Chomsky makes a strong claim that there is a universal grammar in all human languages, a deep level in which all of them are the same. Amritas says:
In theory, the existence of universal grammar could be empirically demonstrable. There is no a priori reason that humans could not be born with the same hard-wiring for language. I would bet that most linguists, both Chomskyans and non-Chomskyans like myself, think that there is an innate component of language.
I, too, think there's an innate component of language. Modern human language is the result of a combination of biological/evolutionary change in human brains driven by and interacting with developing human cultural processes in support of the tribe-unit. The "purpose" of language is to permit humans to disseminate useful information, and the reason it was driven evolutionarily was because that kind of communication enhanced survival, especially at the level of tribes (since those within a tribe were usually more closely related genetically than members of different tribes). In the early part of that process (i.e. the first 95% of it up until maybe 20,000 years ago) most of the information which was most useful to communicate was about the real world and the mundane existence of humans.

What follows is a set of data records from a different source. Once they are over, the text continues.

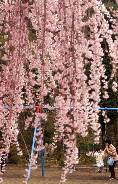 5枚目;宇都宮市城山西小学校、「孝子桜」、南側から枝越しに遊具の親子を。
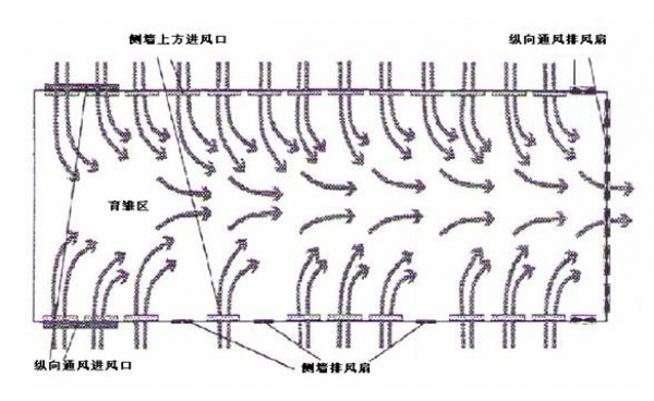 這種相對(duì)較新的通風(fēng)方法就是所謂的“過渡期通風(fēng)”,如下圖,其優(yōu)點(diǎn)是能在溫度上下波動(dòng)比較大或內(nèi)部環(huán)境變化較大的情況下進(jìn)行良好的通風(fēng)。進(jìn)行這樣的通風(fēng)時(shí),我們可以關(guān)閉雞舍前端為縱向通風(fēng)而設(shè)計(jì)的進(jìn)風(fēng)口,開啟一半或較少的風(fēng)機(jī)讓新鮮空氣從雞舍側(cè)墻上方的進(jìn)風(fēng)口進(jìn)入。這樣做的好處是既能進(jìn)行有效的通風(fēng)又能改善雞舍內(nèi)空氣均勻混合,而且避免雞群受到冷應(yīng)激。
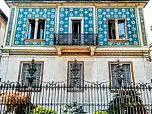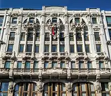The Milanese stage of the liberty style was inaugurated with the construction of the Palazzo Castiglioni, completed in 1903 according to the project of Giuseppe Sommaruga, who would become, according to Sacerdoti, the most prominent interpreter of Milanese art nouveau.[9] The building, decorated with cement sculptures of floral theme and wrought iron compositions typical of the new style, distances itself from art nouveau by its monumental forms and the use of classical elements such as the putti, taken from the nearby noble palaces, where the neoclassical style dominates.[17] The palace, considered by Lopez, Susani and Roiter one of the best examples of Italian art nouveau and built in one of the most elegant streets of Milan, remarked even more clearly the status of the new bourgeois class and introduced with force in the city the use of cement as a sculptural element.[18][19] The "breaking signal" thrown to the old ruling class was even more intense due to the presence on both sides of the entrance of two statues representing two naked women in very daring poses, which caused a great scandal, to the point that the palace was colloquially renamed by the Milanese la ca' di ciapp (the "house of the buttocks") in reference to the subsequent nudity of the two women and the architect was forced to remove them and move them to the then peripheral Villa Faccanoni, another example of a liberty, suburban villa also designed by Sommaruga, in which the putti sculptures and the motif of the windows divided by columns on the top floor of Palazzo Castiglioni were reproduced.[20]
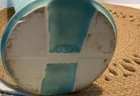 Vintage tall Aqua blue/green vase designs on both sides
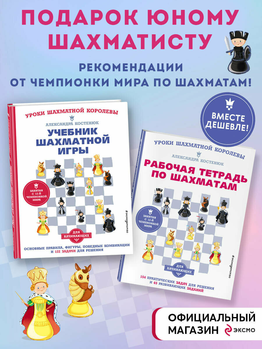 В комплекте представлены учебник и рабочая тетрадь для начинающих, написанные 12-й чемпионкой мира Александрой Костенюк и апробированные в её школе шахмат. Книги рассчитаны на обучение старших дошкольников как в специальных кружках, так и дома вместе с родителями. Доступный язык изложения, забавные иллюстрации, а также множество разнообразных заданий на внимание, логику и раскраски сделают обучение не только лёгким, но и весёлым. Тем более что дети будут узнавать азы шахмат в компании своих ровесников — любопытного Мити и жизнерадостной Маши. Учитесь шахматам с нами по методике 12-й чемпионки мира!
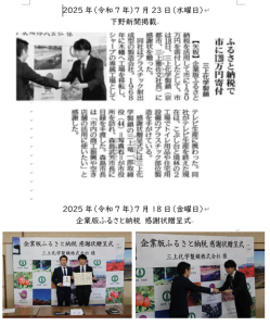 矢板市より企業版ふるさと納税の感謝状が授与されました。

Thus there are essential characteristics of the universe itself which are reflected in language. That's why I suspect that every human language contains nouns, verbs, and adjectives. It is not as clear whether they also all contain adverbs as an essential category. Naturally, these categories are extremely broad and there will be a considerable degree of softness around the edges, as well as words and phrases which can not easily be placed into only one of those categories, or into any of them at all.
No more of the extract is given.